La teoría de Bajtín pone, en esencia, un signo de igualdad  entre la literatura y la vida —y por eso obliga a ver en ella un programa de vida formulado en lengua de Esopo. De ahí surge la cuestión de las implicaciones políticas del pensamiento bajtiniano, que especialmente en los últimos tiempos es discutida por muchos investigadores. En la mayoría absoluta de los casos el «polifonismo» bajtiniano es entendido en ese contexto como una protesta contra el «monologismo» de la ideología estaliniana contemporánea de él, y la «carnavalización», como una reacción al tono serio e indiscutible de las instituciones soviéticas oficiales de entonces. Bajtín deviene así un heraldo de una alternativa democrática, genuinamente popular, al Estado totalitario jerárquicamente organizado: el único pensador del período soviético que conservó la fidelidad a la utopía de una vida única, de todo el pueblo. El único reproche a Bajtín es comúnmente el señalamiento de que el carnaval, aunque contiene un determinado «potencial revolucionario», se inscribe a pesar de todo en el orden tradicional, jerárquico, e incluso al fin y al cabo lo legitima y estabiliza al proporcionar una válvula de escape regulable al descontento popular. Al mismo tiempo —teniendo en cuenta las circunstancias de la censura de esa época— se le suele perdonar a Bajtín su insuficiente carácter revolucionario, de modo que Bajtín conserva plenamente su aureola de pensador consecuentemente antitotalitario.

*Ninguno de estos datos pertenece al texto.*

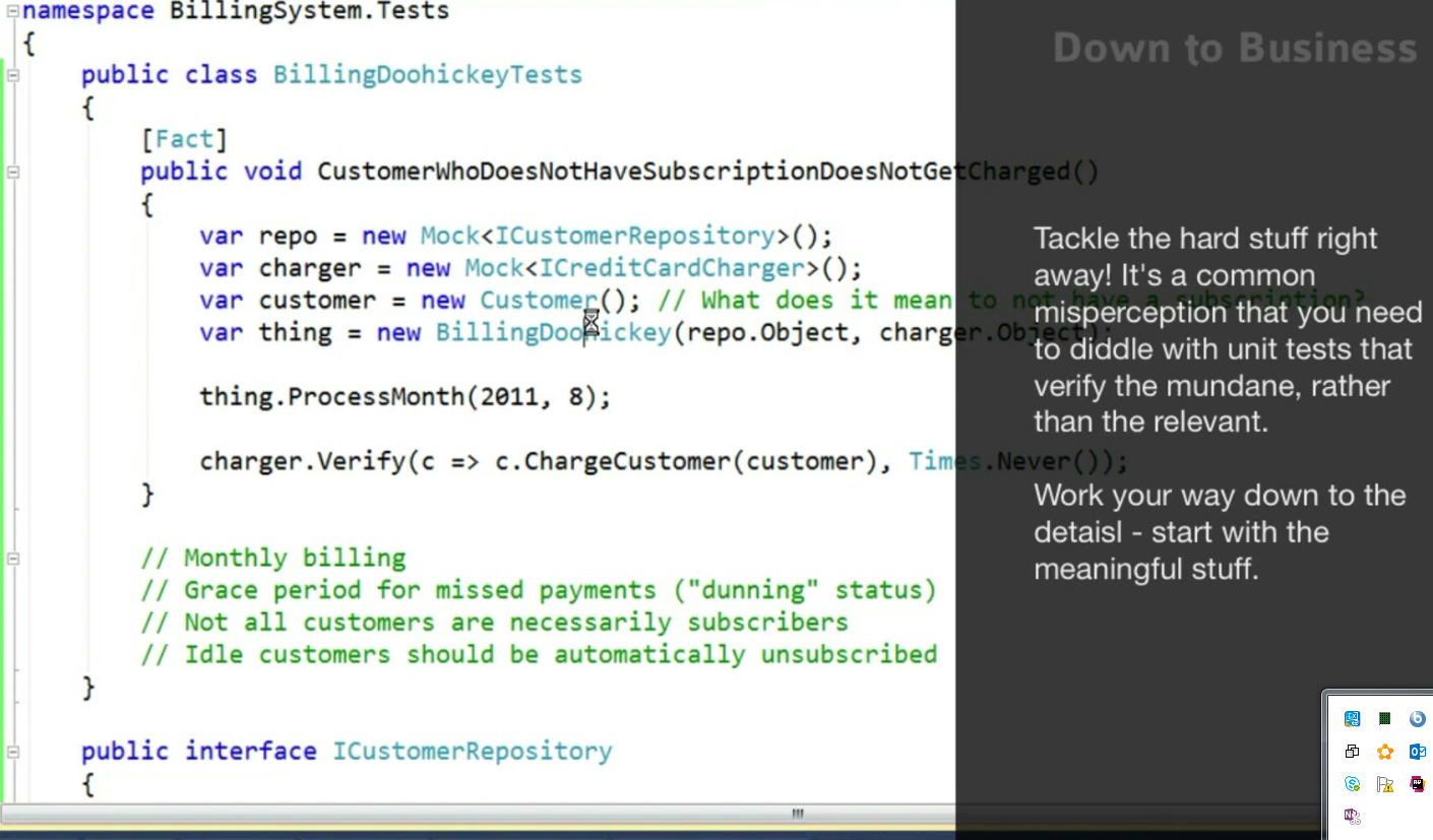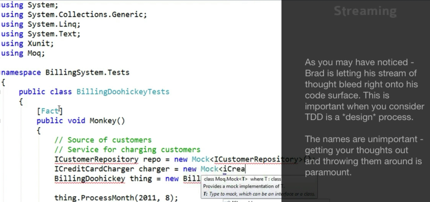 2. naming the functionakies/class is not  important, throw in ur biz domain class / interface under the test project and let your thoght stream runs.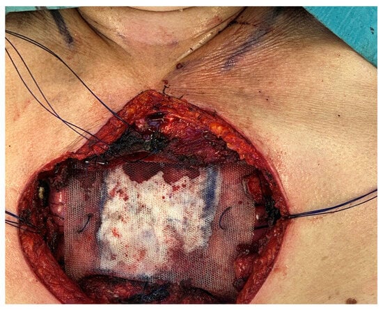- Velotta, J.B.; Hammer, J.; Mukhatyar, V. Chest Wall Reconstruction Using Biologic Mesh to Cover Soft Tissue Defects: A Narrative Review. J. Surg. Res. 2025, 311, 98–105. [Google Scholar] [CrossRef]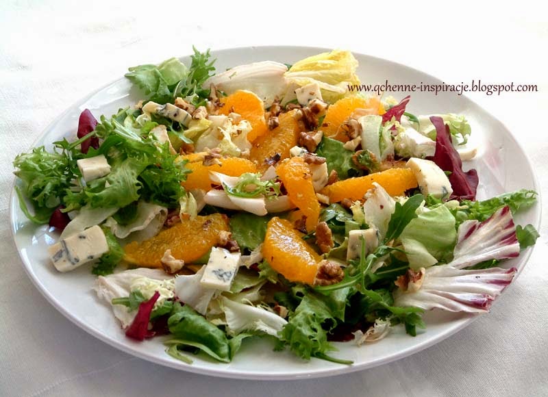 Tak zrodził się pomysł na dzisiejszą sałatkę z wyrazistym w smaku serem blue, orzechami włoskimi (które podczas prażenia na suchej patelni miękną i wydobywają fajny aromat), wyfiletowaną pomarańczą i pomarańczowym dressingiem. Panowie lubią zdecydowane smaki. Zwykły mix sałat z winegretem i jakąś papryką, czy pomidorem dla wielu jest mało atrakcyjny.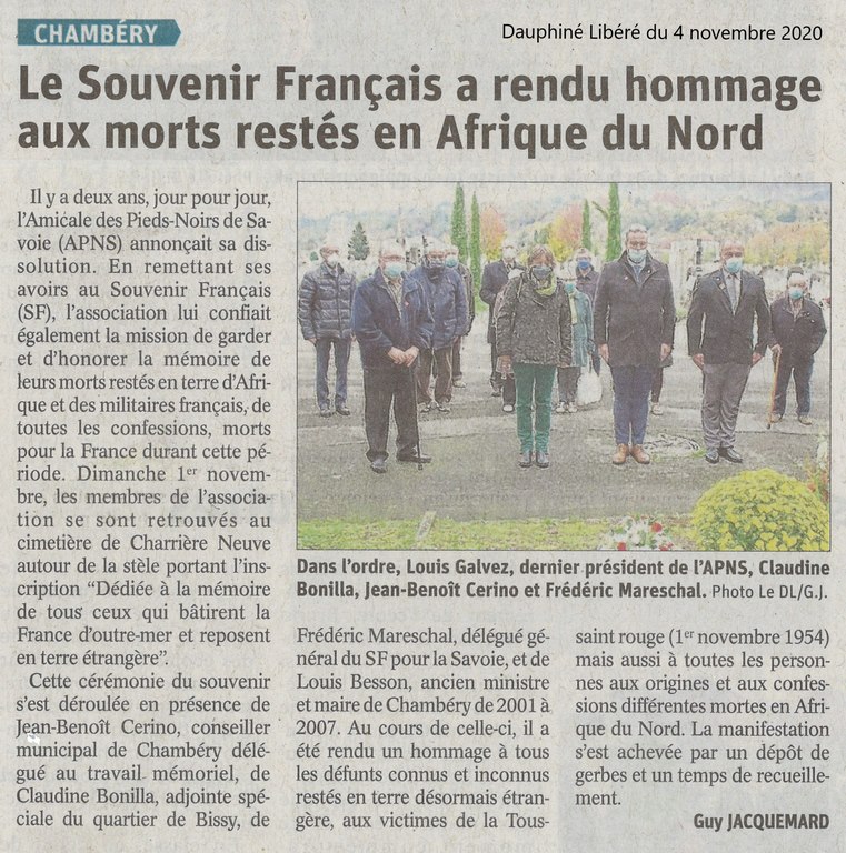 L’association des Pieds-Noirs de Savoie a prononcé sa dissolution lors de son assemblée générale exceptionnelle le 1er novembre 2018. Etant affiliée au Comité du Souvenir Français de Chambéry-Cognin, l’association versa le solde de ses comptes à ce dernier et lui demanda de maintenir la cérémonie du 1er novembre.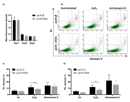 It was highlighted that ATG5 protein is also engaged in the regulation of apoptosis [9] and may protect from H2O2-induced apoptosis [14]. Therefore, we incubated HL-60 cells with two distinct commonly used apoptosis inducers (actinomycin or H2O2). Subsequently, phosphatidylserine (PS) plasma membrane externalization, one of early stages of apoptosis, was evaluated by annexin V/propidium iodide (PI) and analyzed by flow cytometry. Interestingly, the percentage of early and late apoptotic cells was lower in cells overexpressing ATG5 than in mock control in both actinomycin D-treated and H2O2-treated groups, whereas statistical significance was observed only for H2O2 (Figure 5b,c). Our results suggest that ATG5 may play a protective role against cell death in HL-60 cell line.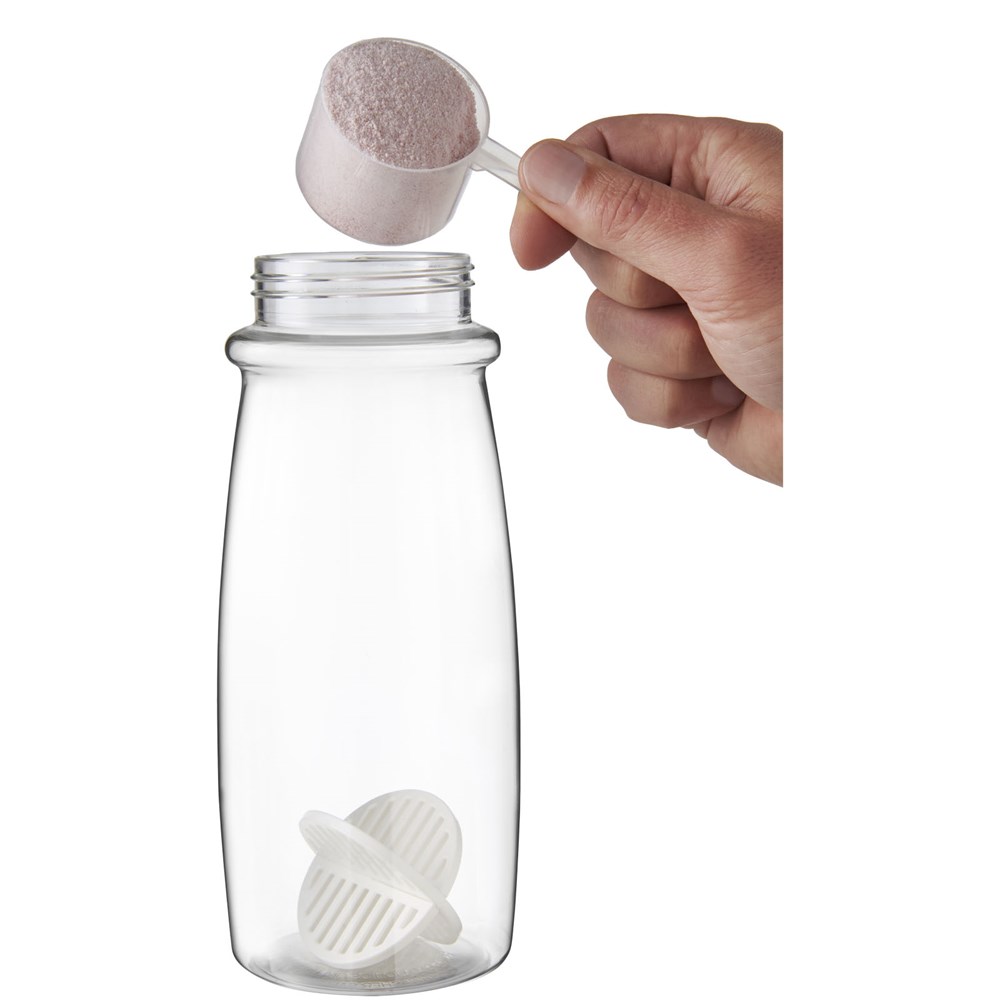 Enkelwandige drinkfles met schudbal voor het glad mengen van eiwitshakes. Voorzien van een morsbestendige dop met flip sluiting en flesontwerp met rondingen. Volumecapaciteit is 600 ml. Gemaakt in het Verenigd Koninkrijk. Verpakt in een thuis composteerbare zak.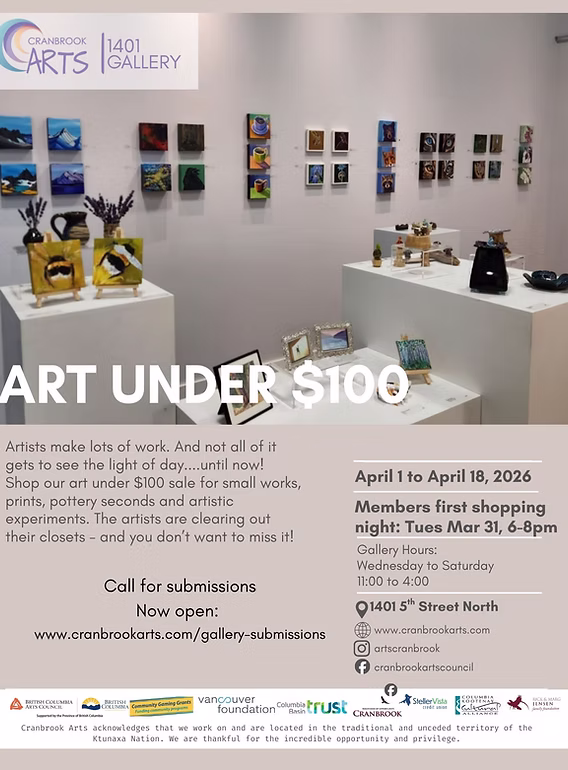 Discover affordable local art at the Art Under $100 Exhibition & Sale at Cranbrook Arts Gallery, running April 1 to April 18, 2026. This unique show features a wide range of small works, prints, pottery seconds, and creative experiments from local artists, all priced under $100.

Entretanto, si Bajtín en algo insiste es precisamente en el carácter total del carnaval, que destruye y traga cualquier cuerpo individual: para Bajtín el carnaval es, ante todo, de todo el pueblo (a propósito, el carácter popular es el pathos característico de la cultura estaliniana, que sustituyó al «carácter de clase» vanguardista). El liberalismo y el democratismo en su comprensión habitual suscitan en Bajtín, por el contrario, una fuerte antipatía: son para él sinónimos de autonomización, de autoencierro de la individualidad, de desvinculación de ésta de la unidad natural de la vida cósmica y popular y, correspondientemente, causas históricas del surgimiento del pathos de la seriedad, la sentimentalidad y el espíritu moralizador, y también de la degeneración de la risa carnavalesca popular en crítica y sátira individualistas. Con entonaciones jubilosas reproduce Bajtín las descripciones rabelaisianas de las terríficas batallas carnavalescas, el lanzamiento de «materia alegre» —excrementos— y de orina, los rituales de las ultrajes carnavalescos, de las «descoronaciones y coronaciones», las imágenes de la Muerte carnavalesca triunfante, que simboliza la alegría popular con motivo de la «aniquilación de todo lo muerto y caduco».

Al hacerlo, Bajtín saluda precisamente el pathos carnavalesco de la «muerte definitiva» de todo lo individual, la victoria del principio puramente material, corporal,  sobre todo lo trascendente, ideal, individualmente inmortal. Resumiendo, el carnaval bajtiniano es espantoso —Dios nos libre de caer en él. Sobre democracia aquí no hay que hablar siquiera: en Bajtín, a nadie le es dado el derecho democrático de eludir la obligación carnavalesca total, de no tomar parte en el carnaval, de mantenerse al margen de él. Al contrario, precisamente los que tratan de hacer eso son sometidos en primer término a «alegres insultos y palizas». Toda esa pesadilla se convierte, según Bajtín, en un alegre carnaval gracias a la constante risa popular de la que se acompaña.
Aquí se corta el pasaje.